New Additions to the List of 'Firsts'

Today we had our first official Russian lesson. A faculty member in the Russian Language Dept. at AUCA is coming to our apartment three times a week for an hour and a half each session and more or less making us feel like we've recently been hit hard in the head with something very, very heavy the moment she arrives until the moment she leaves. Simply learning the alphabet--which we both thought we had a pretty good understanding of already--is like trying to swim while wearing a space suit. There's a special kind of embarrassment reserved for otherwise intelligent people on the doorstep of 30 repeatedly being corrected on the pronunciation of one letter of the alphabet. There's also a special level of comedy in having three adults sitting around a table for twenty minutes jutting out their chins and making what to my ear sounds like the worst stand-up comedian's imitation of the retarded kid down the street. Our homework for Thursday's lesson is to do more of the same, repeatedly and in front of the mirror if need be. Sexy!

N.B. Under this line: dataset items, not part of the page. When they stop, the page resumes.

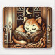 Sleeping Art Deco Style Cat With A Book Mouse Pad
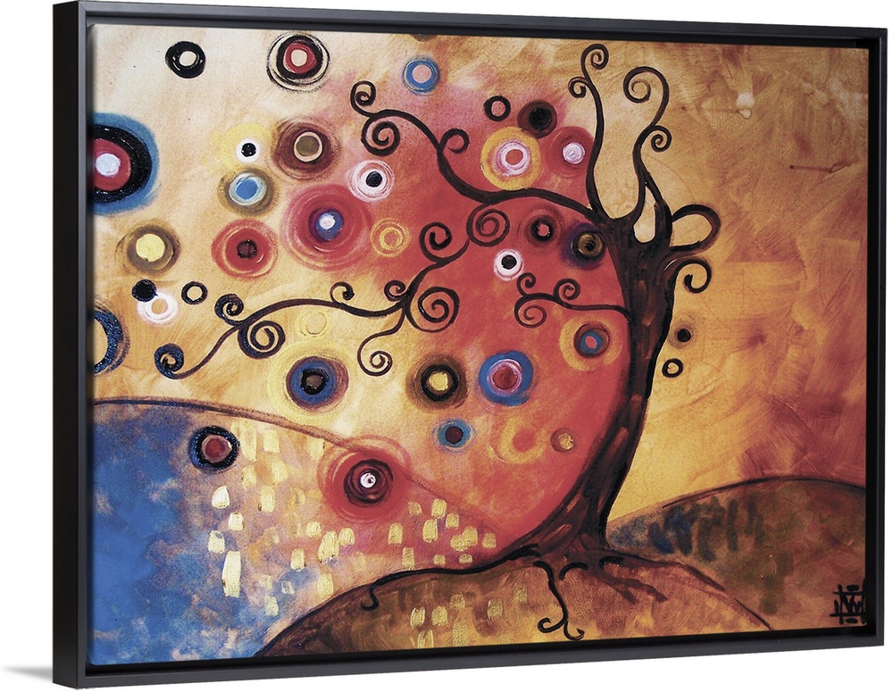 <p>Contemporary painting of a tree with thin, spiraling branches and round spheres of color with a vivid sky.</p>
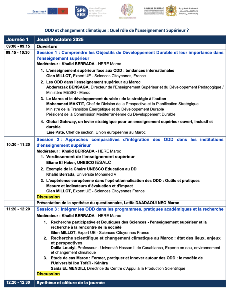 - Sensibiliser les responsables universitaires, enseignants et décideurs aux enjeux et défis de l’intégration des ODD dans l’enseignement supérieur.
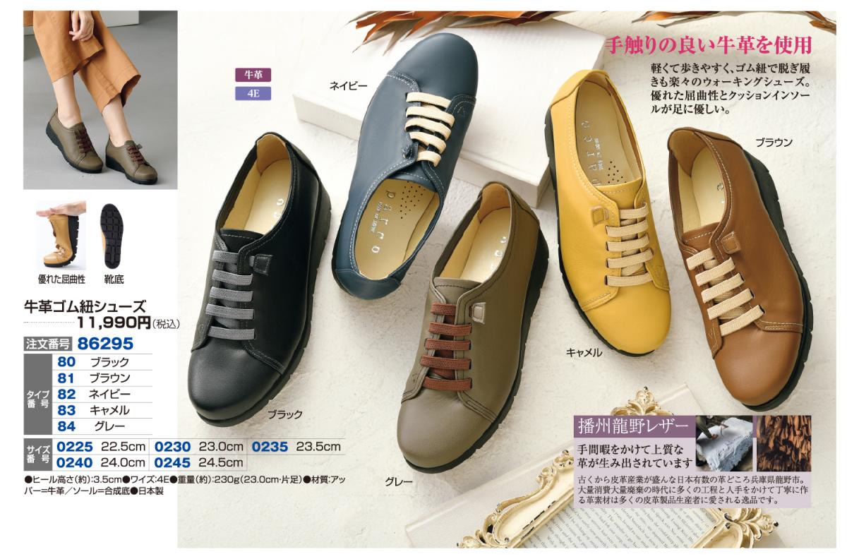 牛革ゴム紐シューズ
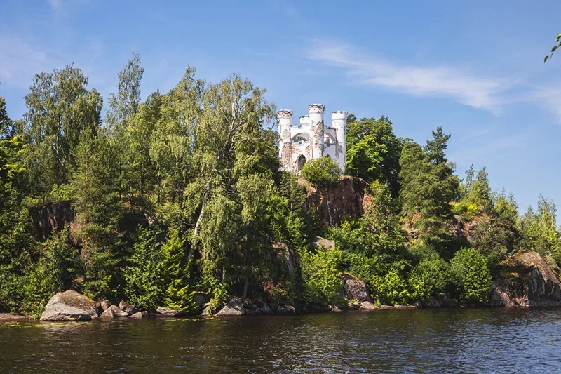 Романтическое название скалы имеет отсылку к Греческой культуре. Левкада – остров, с которого, согласно преданию, бросилась в волны поэтесса Сапфо. Считается, что причиной отчаянного шага стала невзаимная любовь к молодому корабельщику Фаону. В начале XIX века на скале стоял храм Амура, потом вместо обветшавшего здания установили обелиск в честь братьев де Бройль – родственников жены Пауля Николаи. Когда дипломат вышел в отставку, он занялся обустройством паркового ансамбля Монрепо. Один из появившихся объектов – памятник на Левкадской скале. Он напоминал о рано умершей супруге и ее братьях, погибших в сражениях наполеоновских войн. Сейчас скала является одной из видовых точек парка, а с ее вершины открываются потрясающие виды. Сюда можно попасть со стороны залива или по тропе от усадебного дома. Главное – помнить о безопасности и не приближаться к обрывам.
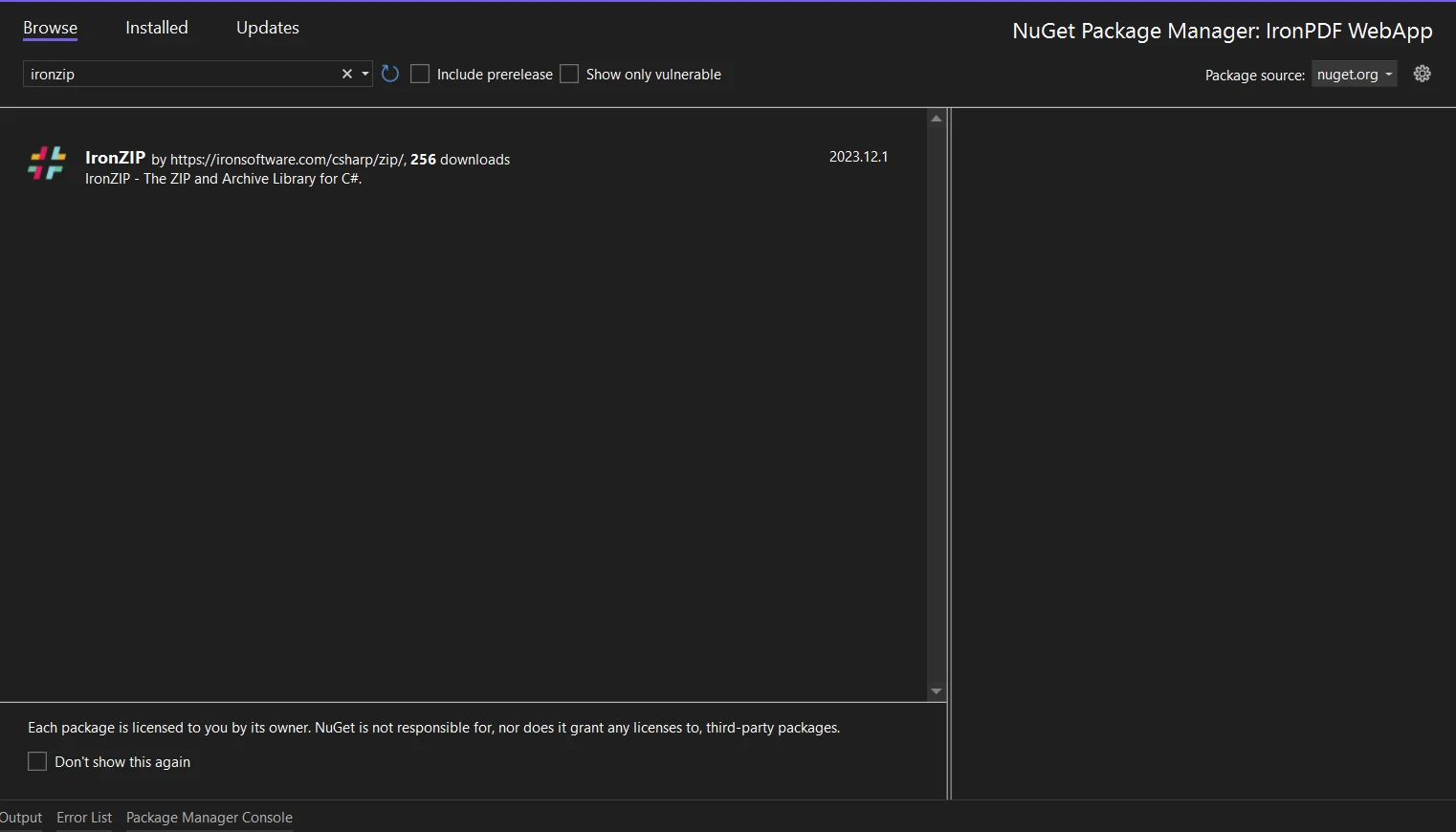 使用 IRONZIP 如何在 .NET Core 中解壓縮檔案 Curtis Chau 更新:7月 28, 2025 下載 IronZIP NuGet 下載 開始免費試用 法學碩士副本 法學碩士副本 將頁面複製為 Markdown 格式,用於 LLMs 在 ChatGPT 中打開 請向 ChatGPT 諮詢此頁面 在雙子座打開 請向 Gemini 詢問此頁面 在雙子座打開 請向 Gemini 詢問此頁面 打開困惑 向 Perplexity 詢問有關此頁面的信息 分享 在 Facebook 上分享 分享到 X(Twitter) 在 LinkedIn 上分享 複製連結 電子郵件文章 1.簡介 "解壓縮"是指將檔案和資料夾從 ZIP 壓縮包中取出並解壓縮的過程。 "Unzip" refers to the process of recovering compressed files or directories back to their original condition, so that they can be accessed and used again after being compressed into a ZIP file. 我們可以將各種類型的檔案新增到 zip 檔案中,例如圖像、TXT 檔案等。 使用者可以透過解壓縮來檢索 ZIP 檔案的內容,解壓縮是壓縮過程的逆過程。 存取為了更有效地傳輸、儲存或共用而打包在一起的單一檔案或資料夾是其常見用途。 "解壓縮"過程完成後,檔案將恢復其原始結構,使用者可以根據需要讀取、更改或使用它們。 在本文中,我們將使用 IronZIP 歸檔庫在 Asp.net core 中解壓縮檔案。 2. 在 Asp.net Core 中,解壓縮檔案摘要 建立一個新的 Asp.net Core 專案。 將 IronZIP 庫安裝到已建立的專案中。 若要解壓縮文件,請實例化IronArchive類別。 可以使用ExtractArchiveToDirectory函數來提取 ZIP 檔案。 指定需要將解壓縮檔案提取到的目標檔案。 3. IronZIP庫 Iron Software 創建了 .NET 庫IronZIP ,該程式庫使在 .NET 應用程式中處理和管理 ZIP 檔案變得更加容易。 它為程式設計師提供各種工具和功能,以便他們能夠以多種方式與 ZIP 進行互動。 這些操作包括產生、提取、壓縮、解壓縮、加密和修改 ZIP 檔案內的檔案和目錄。 3.1 IronZIP 的特點 ZIP 檔案建立: .NET 應用程式從一開始就能產生全新的 ZIP 檔案。 *提取和解壓縮:*從預先存在的 ZIP 套件中刪除檔案和目錄並解壓縮內容的能力。 壓縮:提供將檔案和資料夾縮小到 ZIP 檔案中的工具,以便於傳輸或儲存。 密碼保護和加密:為了保護 ZIP 壓縮檔案的內容,此功能提供了應用密碼保護和加密 ZIP 檔案的功能。 檔案操作:這允許程式設計師新增、刪除、更新或以其他方式操作 ZIP 套件中的檔案和目錄。 相容性:可在各種 .NET 環境中運行,相容於該框架的多個版本。 效能最佳化:**旨在最大限度地提高速度,以便 .NET 程式能夠更有效地管理大型 ZIP 檔案或資料集。 開發人員在管理應用程式的 ZIP 檔案時,可能會發現 IronZIP 是一個有用的工具。 在 .NET 框架內,它提供了多種以程式設計方式處理 ZIP 檔案的功能,兼具簡單性和多功能性。 如需了解有關功能、特性、相容性以及後續版本新增功能的最新詳情,請參閱官方文件、發行說明或 IronZIP 網站,因為軟體庫會隨著時間的推移而更新和改進。了解更多信息,請點擊此處。 3.2 在 Visual Studio 中建立新項目 啟動 Visual Studio 程式後,選擇"檔案"選項。 選擇"新建專案",然後選擇"Asp.Net core Web 應用程式"。 在對應的文字方塊中,輸入項目名稱並選擇檔案位置。 接下來,按一下"建立"按鈕,然後選擇所需的 .NET Framework 版本。 現在,所選應用程式的結構將由 Visual Studio 專案產生。 本例中使用的是 ASP.NET MVC。 因此,我們有兩種選擇:要么使用當前的控制器,允許您添加程式碼並建立/運行應用程序,要么創建一個新的控制器。 然後可以添加庫,並測試程式碼。 4. IronZIP軟體包下載 4.1 使用 Visual Studio 您可以使用 Visual Studio 的 NuGet 套件管理器功能,直接將套件安裝到您的解決方案中。 您可以使用下面的截圖存取 NuGet 套件管理器。 如何在 .NET Core 中解壓縮檔案:圖 1 - 如何存取 NuGet 套件管理器 它提供了一個搜尋框,可以調出 NuGet 網站上的套件清單。下面的螢幕截圖顯示如何在套件管理器中尋找"IronZIP"這個詞組。 如何在 .NET Core 中解壓縮檔案:圖 2 - 在 NuGet 套件管理器中搜尋 IronZIP 上圖顯示了相關的搜尋字詞清單。 若要安裝解決方案包,必須選擇所需的選項。 4.2 使用 Visual Studio 命令列。 在 Visual Studio 中,選擇"工具">"NuGet 套件管理員"以查看套件管理員控制台。 在軟體包管理器的終端機標籤中輸入以下命令: Install-Package IronZip 下載並安裝到活動項目後,該軟體包即可使用。 4.3 直接從 NuGet 網站下載 第三種方法是直接從網站取得NuGet 套件。 點擊連結即可打開。 從右側選單中選擇下載包選項。 下載完成後,雙擊該軟體包。 它會自動安裝。 再次載入解決方案,並在專案中開始使用它。 4.4 直接從 IronZIP 網站下載 點擊此連結直接從網站取得最新軟體包。下載完成後,請按照隨附的步驟將軟體包新增至專案。 在解決方案視窗中右鍵點選選擇項目。 選擇參考文獻,並在下載完成後瀏覽其位置。 然後按一下"確定"新增引用。 4.5 在 ASP.NET Core 中解壓縮文件 要使用 C# 中的 IronZIP 從 ZIP 檔案中提取特定文件,您需要提供檔案名稱和要提取文件的目標位置。 程式碼範例如下: using Microsoft.AspNetCore.Mvc; using Microsoft.AspNetCore.Mvc.RazorPages; using IronZip; namespace IronPDF_WebApp.Pages { public class IndexModel : PageModel { private readonly ILogger<IndexModel> _logger; public IndexModel(ILogger<IndexModel> logger) { _logger = logger; } public IActionResult OnPost() { try { // Retrieve the uploaded file from the form var file = Request.Form.Files[0]; // Set the file path where t

The other big news of the last two days was yesterday's bomb threat at the university. I had a meeting with the university President at 3:00 yesterday afternoon, so Erin and I walked the few blocks over to the school building around 2:30. As we were approaching, we noticed a rather larger cadre of military and police officials milling about on the sidewalk directly in front of the school building. As the Kyrgyz Parliament building is immediately next door to the university (we were walking past it when we noticed the police) and there seemed to be some protesters setting up in front of that building, we guessed that maybe they were a peace-keeping group of sorts or, on the other side, a show of force. But when we reached them, they all came together to form a sort of loose human wall and told us (we assume, it was in Russian) that we couldn't go any further. Erin pulled out her Visiting Professor id card from the university and the response from the officers was more of the same. Finally, after a few brief moments of utter befuddlement on both sides, a soldier stepped through the wall and told us, "There is bomb. In the building, there is bomb." At which point we and the officers all shared a look of recognition and nods of acceptance. We crossed the street and were made to move into the park opposite the school building by another group of police. Not knowing what to do, how long things would last, where to go, etc., we walked up to the main square and bought a couple of meat pies from a vendor (sort of like Indian frybread stuffed with lamb and onion and other goodies; totally delicious and only 4 som, which is about 6 or 7 cents). When we got back, nothing had changed, so we went home and got on line. There was no information on any of the pertinent web pages--US Embassy Bishkek page, AUCA page...--nor is there any now. An hour or so later I received a message from the President asking if it would be okay if we moved our meeting up a day, as the university was closed due to a bomb scare. Uhmm...sure?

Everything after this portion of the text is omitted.